# Help with partitions



## Johnny2Bad (Apr 16, 2011)

My old FreeBSD server had 250GB and a 1TB HDs. I partitioned it so that the whole of the 1TB had a mount point of /usr. The remainder was mounted on the 250G.

I will be installing AMD 64 version (not sure of what version number yet) so the O/S can access all the 4GB of RAM I'll have on my new machine.

Could I please have some suggestions on how I should partition each drive? Keeping in mind I want to share a lot of files (thus using the 1TB originally for /usr). I am not all that familiar with where programs etcetera are stored.

Thanking you in advance,
Jonathan.


----------



## mamalos (Apr 16, 2011)

Hi Johnny2Bad,

it all depends on where your shared directory is located. If it's in /usr/share, then your /usr filesystem should use your large disk (or some part of it, I don't know your needs).
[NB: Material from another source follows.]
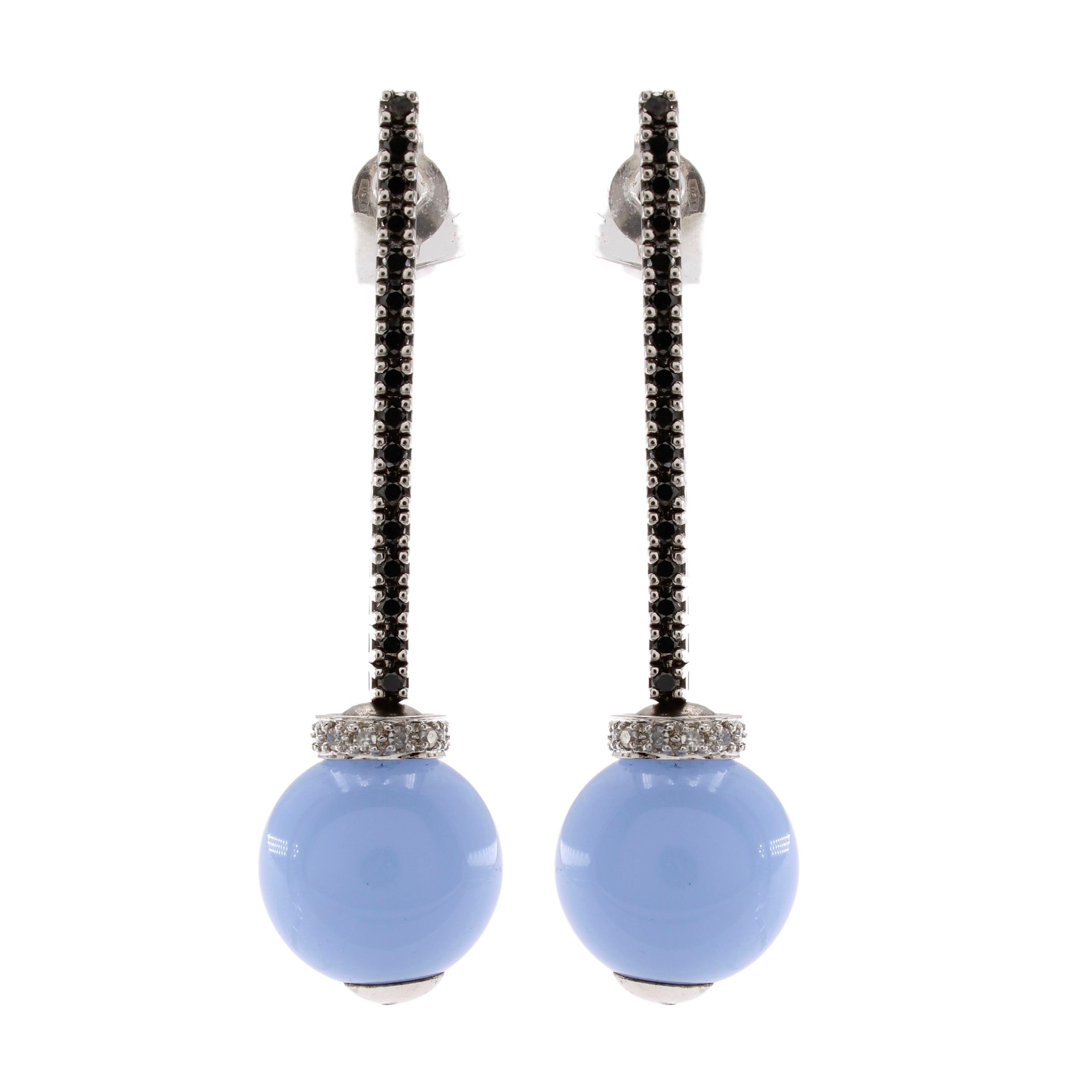 Orecchini pendenti in oro bianco 18kt, diamanti neri e bianchi

If your shared directory is /exports, then you just have to create that mounpoint, and associate a partition or slice to it.
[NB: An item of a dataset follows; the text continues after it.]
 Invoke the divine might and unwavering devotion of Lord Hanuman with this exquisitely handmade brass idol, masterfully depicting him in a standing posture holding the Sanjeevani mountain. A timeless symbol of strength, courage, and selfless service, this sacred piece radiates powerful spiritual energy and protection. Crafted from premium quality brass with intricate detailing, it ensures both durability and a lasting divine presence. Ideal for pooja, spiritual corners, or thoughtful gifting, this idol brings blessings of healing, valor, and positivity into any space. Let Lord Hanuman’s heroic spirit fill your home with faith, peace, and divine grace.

Generally and very, very, very roughly, /usr and /usr/local are the places where the programs you use are-and-will-be stored, /home is where your users' home directories reside.  

No matter where you decide to place your shared resources (which doesn't matter that much, so you can easily place them in a separate mountpoint in /), I would advise you to use a separate filesystem for it, and assign the whole extra disk for it. 

Finally, you should really take a look at ZFS before starting your venture, it may come really handy.


----------